Sunday, 5 July 2009

Who am I? Who are you?

The BBC World Service broadcast an interesting documentary contrasting the multicultural nature of Marseille with the default assimilation of other French cities, including Paris.

Marseille sounds like a great place, with communities originating from north Africa, the Indian Ocean, southern Europe and more. France doesn't measure ethnicities in its censuses apparently, but the unofficial figures indicate Marseille is 25% Muslim. Until recently, they were forbidden a Mosque, but this is now changing. Support for this seems to come from many places, including Marseille's Jewish community. A contrast was provided with other French cities, which saw disenfranchised communities rising-up, in 2005 and 2007, whereas Marseille remained calm.

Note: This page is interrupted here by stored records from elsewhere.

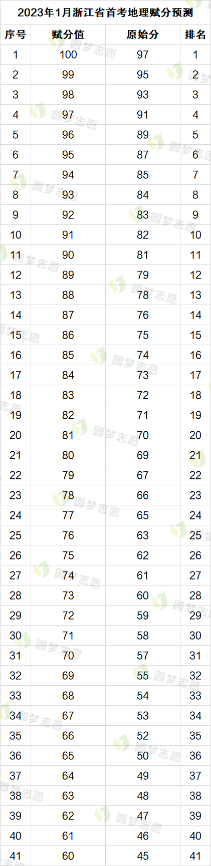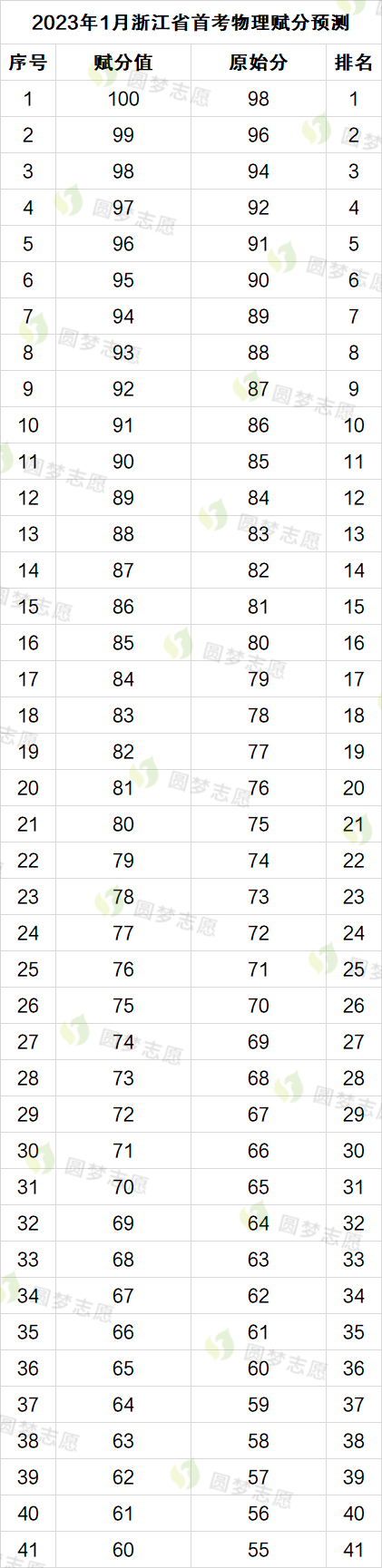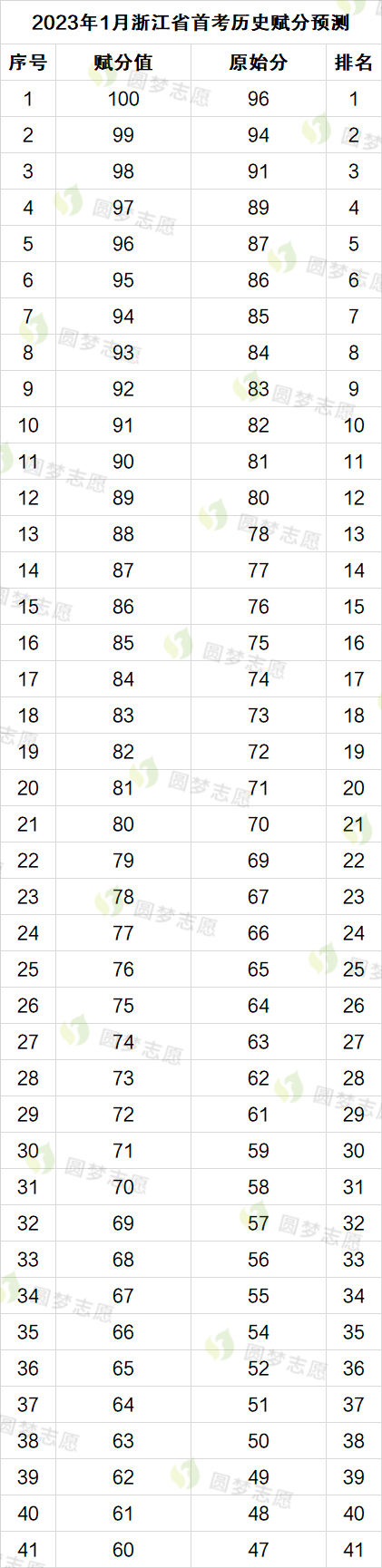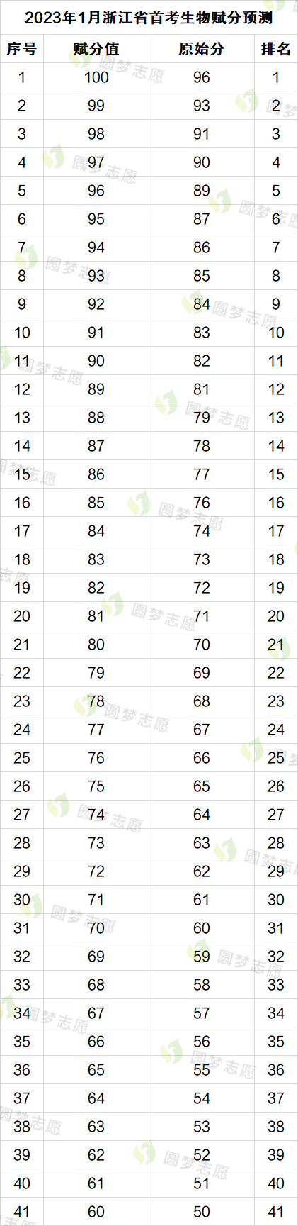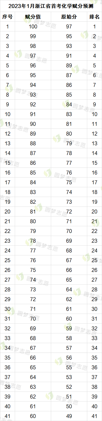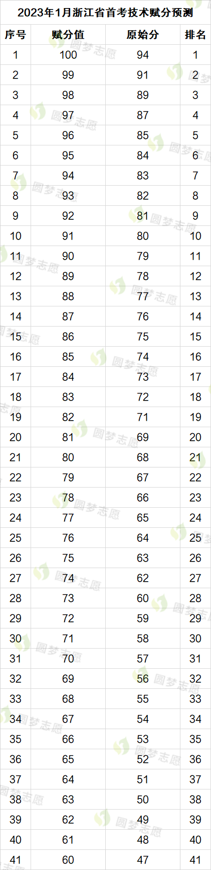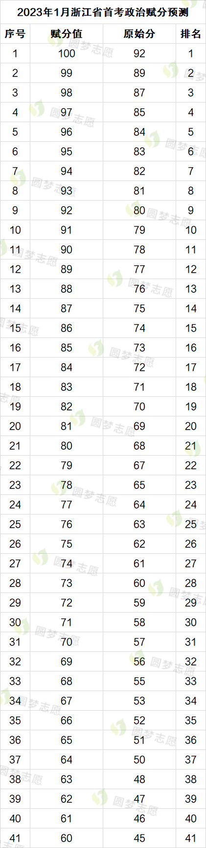 2023年1月首考各学科赋分情况预测情况如下表所示,请注意,本预测仅为预测,最终准确成绩大家需要以浙江省教育考试院发布的信息为准!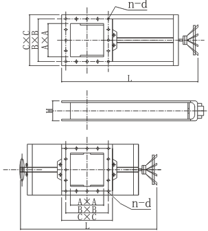 該閘門主要由框架、絲桿螺母、手輪、閘板組成,手輪(鏈輪)轉動,絲桿帶動絲桿螺母和閘板作水平方向的往復運動,達到閘門的啟閉目的。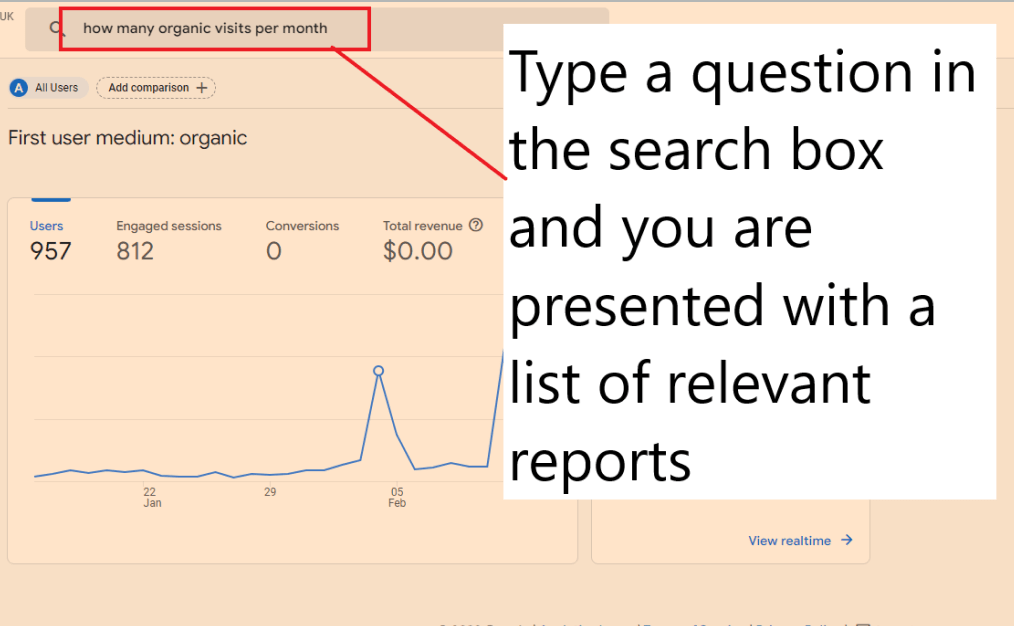 The new version of Google Analytics – Google Analytics 4 – has less pre-made reports and users are prompted to customise their own dashboards and use the search function.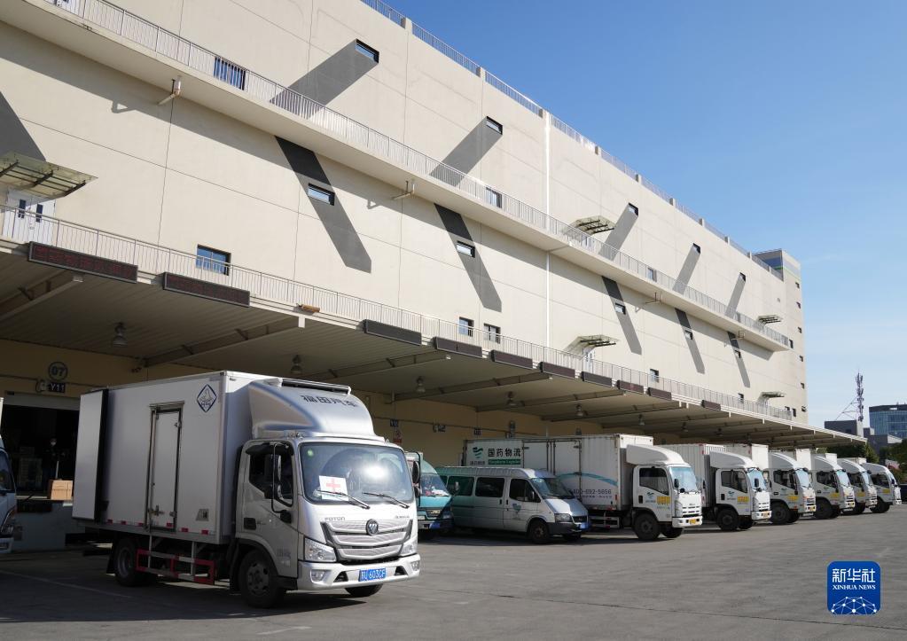 Fahrzeuge werden im Lager Nr. 2 des Logistikzentrums Shanghai von Sinopharm Logistics mit Arzneimitteln beladen. (Foto vom 20. Dezember, Liu Ying/Xinhua)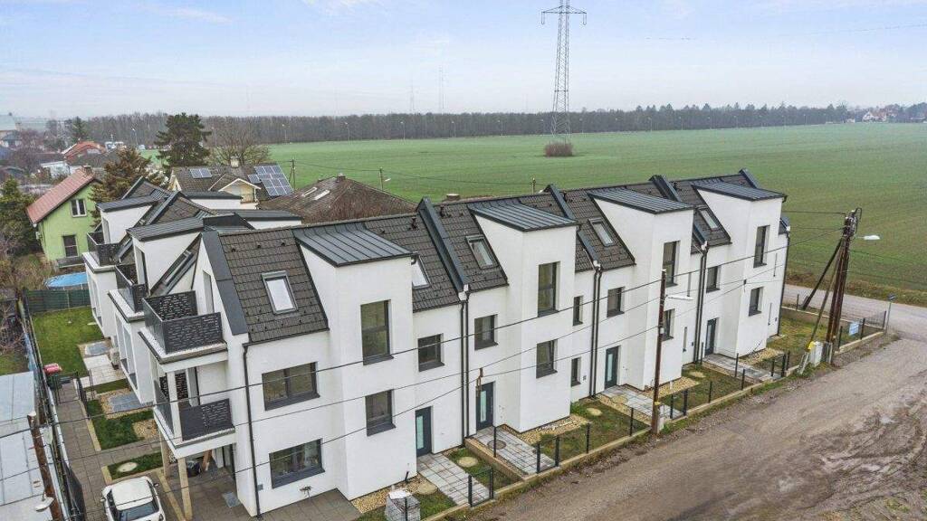 In absolut ruhiger Lage in Wien 22, umgeben von Feldern und Grünflächen wurden sechs moderne Reihenhäuser auf Eigengrund errichtet.
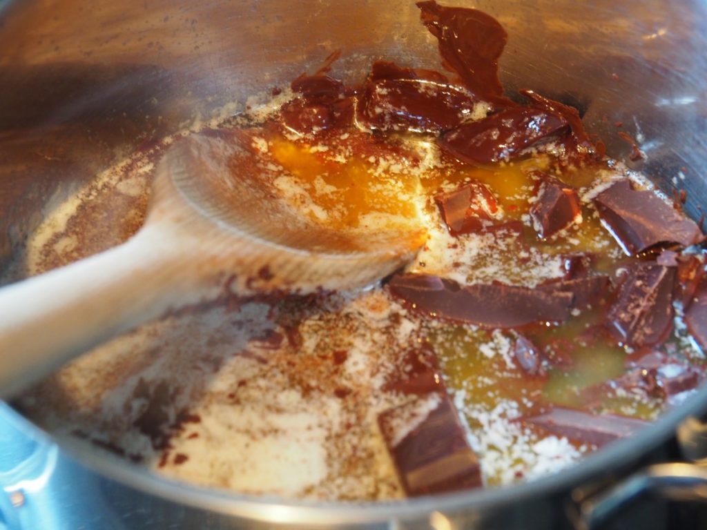 3. Roer alles goed door elkaar met een houten lepel tot de chocolade gesmolten is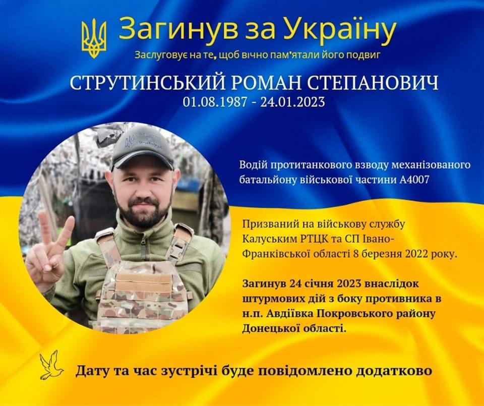 Під час виконання бойового завдання загинув Іван Бужора, житель селища Оболоння Калуського району Роман Струтинський.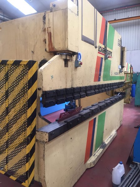 Características técnicas: Potencia de plegado: 125t Longitud de plegado: 4.050mm Paso entre montantes: 3.100 Cuello de cisne: 400mm Recorrido: 150mm Abertura (mesa-trancha): 350 Ancho de mesa: 150mm Longitud total de máquina: 4.250mm Anchura total de máquina: 1.600mm Altura total de máquina: 2.445mm Detalles del equipo hidráulico:

I loved hearing all the different Marseille voices, explaining that Marseille is more connected to the Atlantic than to the rest of France; that being a port keeps it open-minded; and that while they have no problems with the rest of France, Paris doesn't understand them. Most of the interviewees also expressed their identity as, for example, Marseille-Moroccan, rather than French-Moroccan.

This reminded me of my own situation - my family background is Scottish-Jewish, but I was born in, and mainly lived in London. I've only briefly lived in Scotland and while I am ethnically half-Jewish, I'm also an atheist...so I'm never quite sure where to place myself. I feel uncomfortable thinking of myself as British, which seems to conjure-up nationalism and imperialism. I don't subscribe to the values of middle England (or middle Wales/Scotland/northern Ireland - there must be similar phenomena there). I'm not English, despite many years of living in England. Although I have a very Scottish name, I don't have a Scottish accent, nor a Scottish town to call home.

It was while studying the Open University course Open to Change that I had the space to reflect on my identity - and decided on Scottish-Jewish-Londoner. It's a mouthful, but it probably reflects my life.

How do you describe your identity - is it national, regional, to do with family history? What other ways are there, perhaps to create your own identity? Can either multiculturalism or assimilation ever be the answer?